2nd January 1826
Fog.
Skillet reported that three men had already been knocked over by a waggon on the New Road and ‘it were slim odds whether a party could tell which pieces belonged to one or the other, so ’orribly was them poor fellows crushed and ’viscerated.’ I told Mama about this HORRIFIC HUMAN ASSORTMENT but she said I still had to go to school. I then asked what if I fell in the canal and DROWNED? She said that I had already proven that I float, which I do not consider a thoroughly maternal sentiment.
Old Ballast, of course, was in his usual foul mood (I do not think he has any other moods) and greeted every returning pupil with a sharp smack across the head. I have only been three months at Dr Ballast’s Superior Academy for Respectable Young Gentlemen and already have a PERMANENT LUMP. This is why I still struggle at Latin and can never find a hat that fits.
[note to self: ask Mama to examine scalp.]
In the afternoon, we had to conjugate the ‘future perfect.’ I am quite sure that I will have no need of it – for my future most certainly does not appear perfect (ha!). My own sister can boast that she attends the Royal Academy of Music. How many men of renown, upon the other hand, have issued forth from Dr Ballast’s Academy? How many have even take the first step upon the ladder to greatness? None, save for Gregwood Forsythe, whose natural father was a Baronet or Margrave or Mallard or something or another. That connection is how he obtained a post in His Majesty’s Minor Emoluments Office.

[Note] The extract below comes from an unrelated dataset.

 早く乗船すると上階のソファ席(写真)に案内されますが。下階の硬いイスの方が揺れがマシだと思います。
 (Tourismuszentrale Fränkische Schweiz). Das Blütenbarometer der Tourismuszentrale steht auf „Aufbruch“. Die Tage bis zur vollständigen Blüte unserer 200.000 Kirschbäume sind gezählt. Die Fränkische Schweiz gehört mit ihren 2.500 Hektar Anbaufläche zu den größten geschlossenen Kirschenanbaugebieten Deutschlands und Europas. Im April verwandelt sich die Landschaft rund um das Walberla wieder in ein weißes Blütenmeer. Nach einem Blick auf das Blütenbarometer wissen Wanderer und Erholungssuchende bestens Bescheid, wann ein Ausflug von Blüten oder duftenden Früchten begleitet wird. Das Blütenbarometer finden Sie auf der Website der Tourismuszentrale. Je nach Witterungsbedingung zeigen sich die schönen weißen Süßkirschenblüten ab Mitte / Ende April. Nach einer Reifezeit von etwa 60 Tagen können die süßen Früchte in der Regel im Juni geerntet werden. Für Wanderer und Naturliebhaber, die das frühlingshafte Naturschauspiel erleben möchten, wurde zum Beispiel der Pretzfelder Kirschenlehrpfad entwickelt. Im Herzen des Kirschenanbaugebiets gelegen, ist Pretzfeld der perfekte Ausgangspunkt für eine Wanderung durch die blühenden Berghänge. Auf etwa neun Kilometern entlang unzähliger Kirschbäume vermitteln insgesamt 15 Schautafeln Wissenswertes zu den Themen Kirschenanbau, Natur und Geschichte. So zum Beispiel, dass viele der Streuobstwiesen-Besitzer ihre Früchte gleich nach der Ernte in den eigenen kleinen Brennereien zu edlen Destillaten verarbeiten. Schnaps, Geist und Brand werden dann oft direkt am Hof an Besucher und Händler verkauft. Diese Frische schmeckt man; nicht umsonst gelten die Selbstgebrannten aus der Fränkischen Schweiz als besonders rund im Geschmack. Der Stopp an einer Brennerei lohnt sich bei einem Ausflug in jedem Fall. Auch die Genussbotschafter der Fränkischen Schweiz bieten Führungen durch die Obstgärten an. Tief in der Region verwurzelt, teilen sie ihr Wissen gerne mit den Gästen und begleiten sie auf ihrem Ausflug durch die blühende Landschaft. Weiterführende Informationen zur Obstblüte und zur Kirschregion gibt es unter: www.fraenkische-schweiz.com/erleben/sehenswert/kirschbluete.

In fact, I discussed our future prospects with Sykes when we walked back after school. He informed me, quite in earnest, that he has no great ambition, ‘except for perhaps learning billiards.’ (!) He is a very matter-of-fact sort of fellow but I did not reply or rebuke him, because, at that very moment, I saw something which immediately lifted my spirits. For there was a remarkably fine waistcoat, made of pure white silk, hanging inside the door of Oddenbury’s Second-hand Clothing Emporium (a queer little rat-hole of a place at the junction of the High Street). Moreover, upon inquiry, I learned that this GREAT ARTICLE can be had for only three-and-six!
I cannot afford it, even with all the contents of my penny pig – but I shall try and save up!!